◆ **WHAT TO PRODUCE**
Every entry below must be transcribed word for word, and the images must be left out.

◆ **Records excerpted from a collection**
######

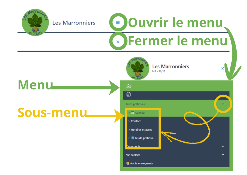 | 🖥️ Sur grand écran, le menu est directement accessible | 📱 Sur petit écran, il faut cliquer sur le bouton « ≡ » pour y accéder |
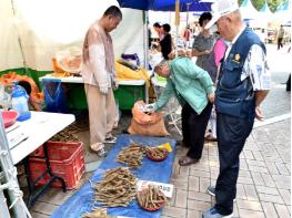 코로나19 예방을 위해 장터 입구 양쪽에 손소독제를 비치하고 자원봉사자 8명이 발열체크를 한다. 구는 구민들에게 생활방역 수칙 준수를 위한 개인 마스크 착용과 간격유지 등을 당부했다.
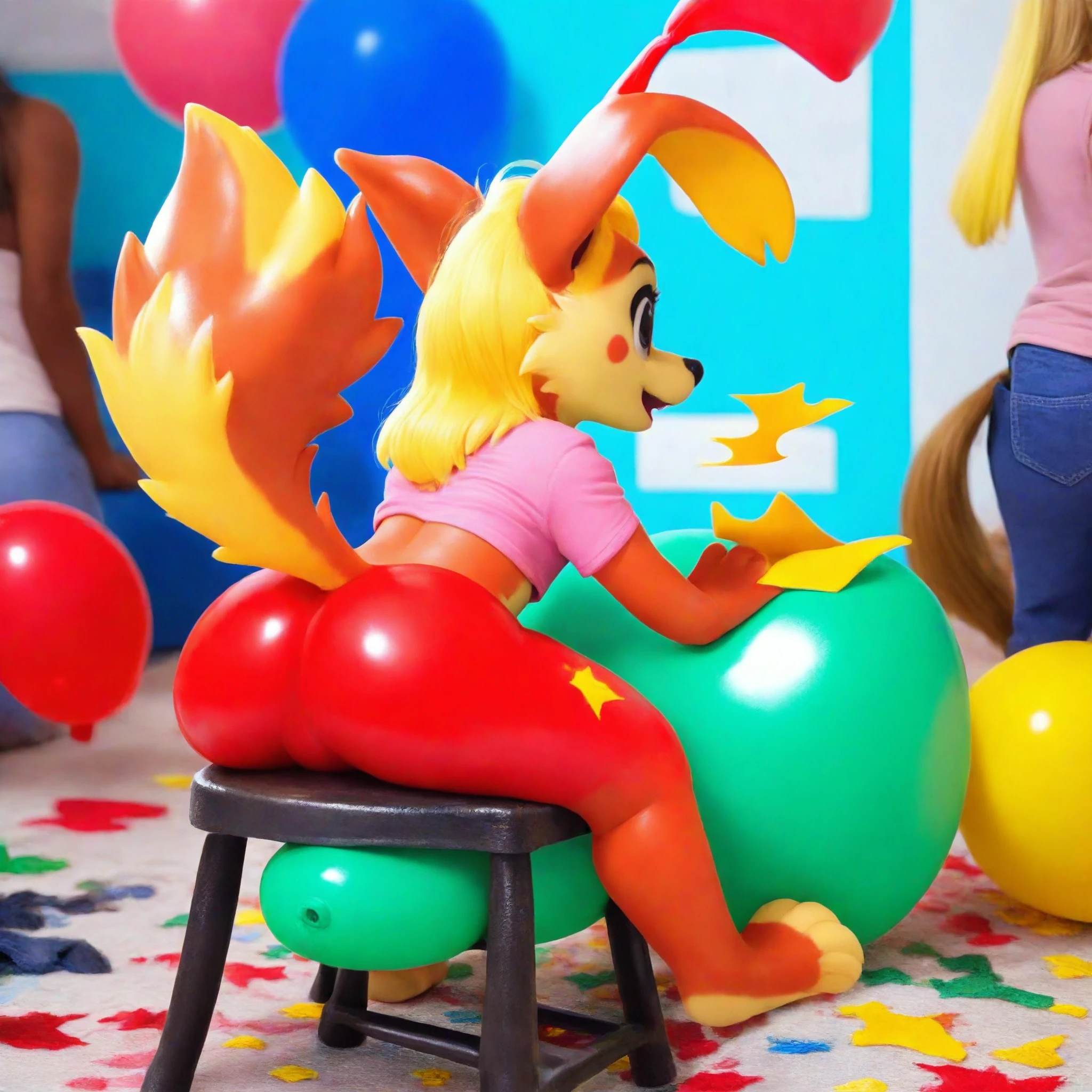 For people who really want to see characters sitting on a balloon. Geared more towards semi-poppers and non-poppers, I can't promise that balloon-popping images will never be generated. Happy squeaking!
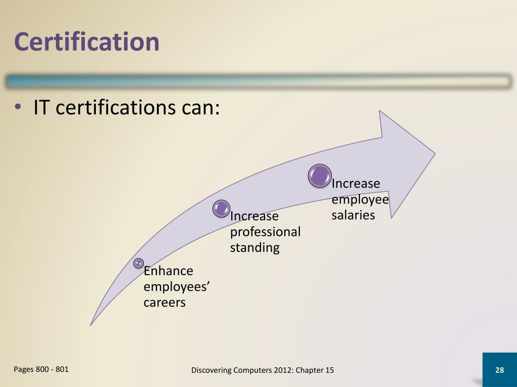 Certification • IT certifications can: Discovering Computers 2012: Chapter 15 Pages 800 - 801
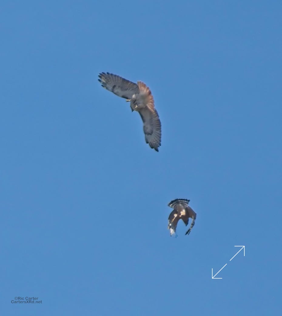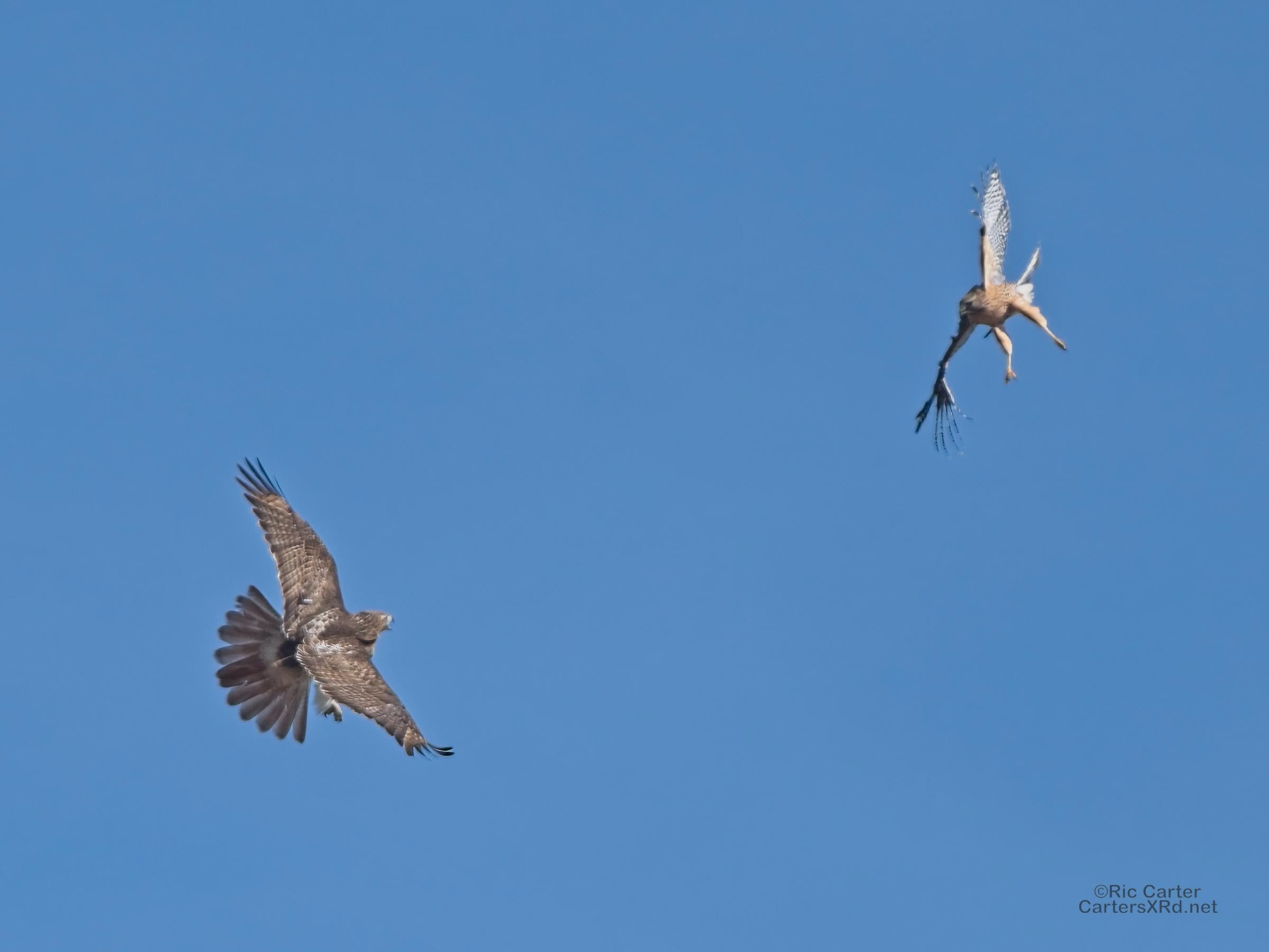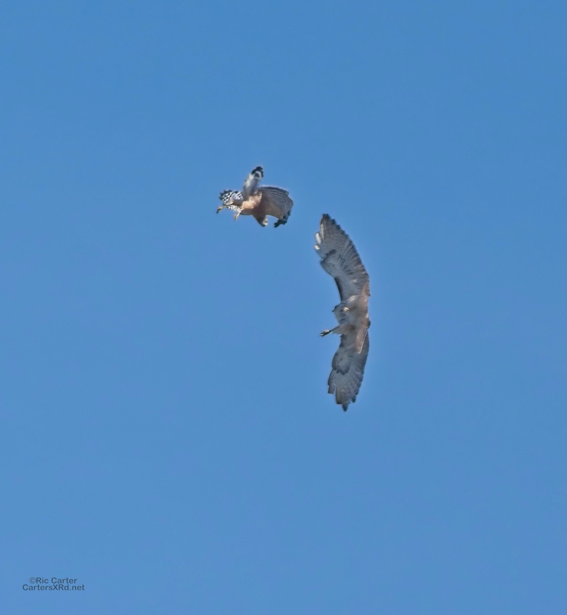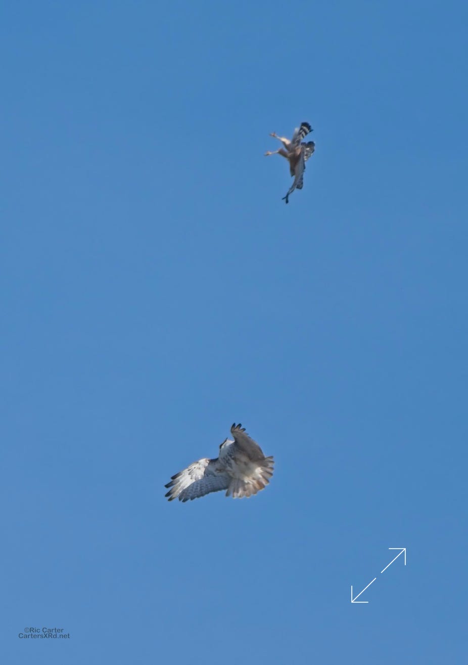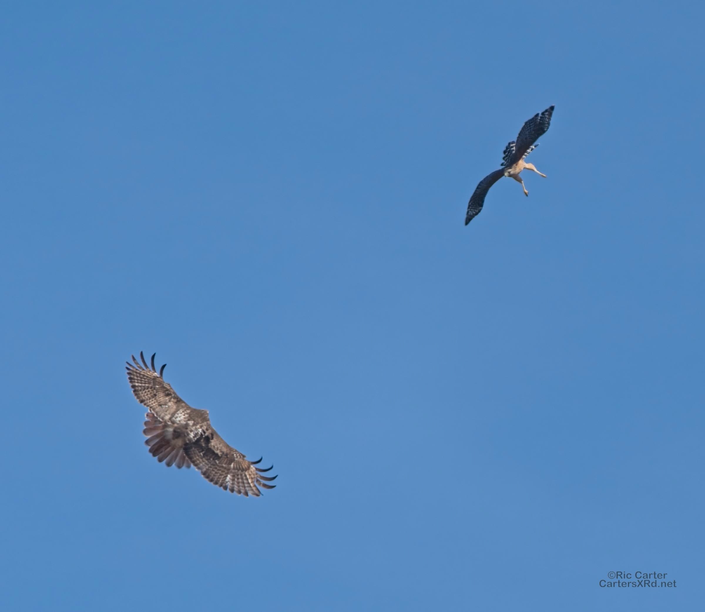 I was going to practice drone flying the other day. As I stopped the car and was getting unpacked, I noticed a low flying red-tailed hawk headed toward me. I immediately decided not to fly drone (you just DO NOT fly drones around birds) and grabbed the telephoto in hopes of getting a few pictures of him (see Birds of Prey Week 6). He was not far past me when I heard a hawk cry. It was not him. There was a red-shouldered hawk approaching from the opposite direction. They were clearly working out the open field territory dominance there. I expect they will be taking turns as they have for the last few years. I wish these were sharper, but the action takes place 500-900 meters away and I had to work hand-held.

######

◆ **EXERCISE ANSWER**
 | 🖥️ Sur grand écran, le menu est directement accessible | 📱 Sur petit écran, il faut cliquer sur le bouton « ≡ » pour y accéder |
 코로나19 예방을 위해 장터 입구 양쪽에 손소독제를 비치하고 자원봉사자 8명이 발열체크를 한다. 구는 구민들에게 생활방역 수칙 준수를 위한 개인 마스크 착용과 간격유지 등을 당부했다.
 For people who really want to see characters sitting on a balloon. Geared more towards semi-poppers and non-poppers, I can't promise that balloon-popping images will never be generated. Happy squeaking!
 Certification • IT certifications can: Discovering Computers 2012: Chapter 15 Pages 800 - 801
 I was going to practice drone flying the other day. As I stopped the car and was getting unpacked, I noticed a low flying red-tailed hawk headed toward me. I immediately decided not to fly drone (you just DO NOT fly drones around birds) and grabbed the telephoto in hopes of getting a few pictures of him (see Birds of Prey Week 6). He was not far past me when I heard a hawk cry. It was not him. There was a red-shouldered hawk approaching from the opposite direction. They were clearly working out the open field territory dominance there. I expect they will be taking turns as they have for the last few years. I wish these were sharper, but the action takes place 500-900 meters away and I had to work hand-held.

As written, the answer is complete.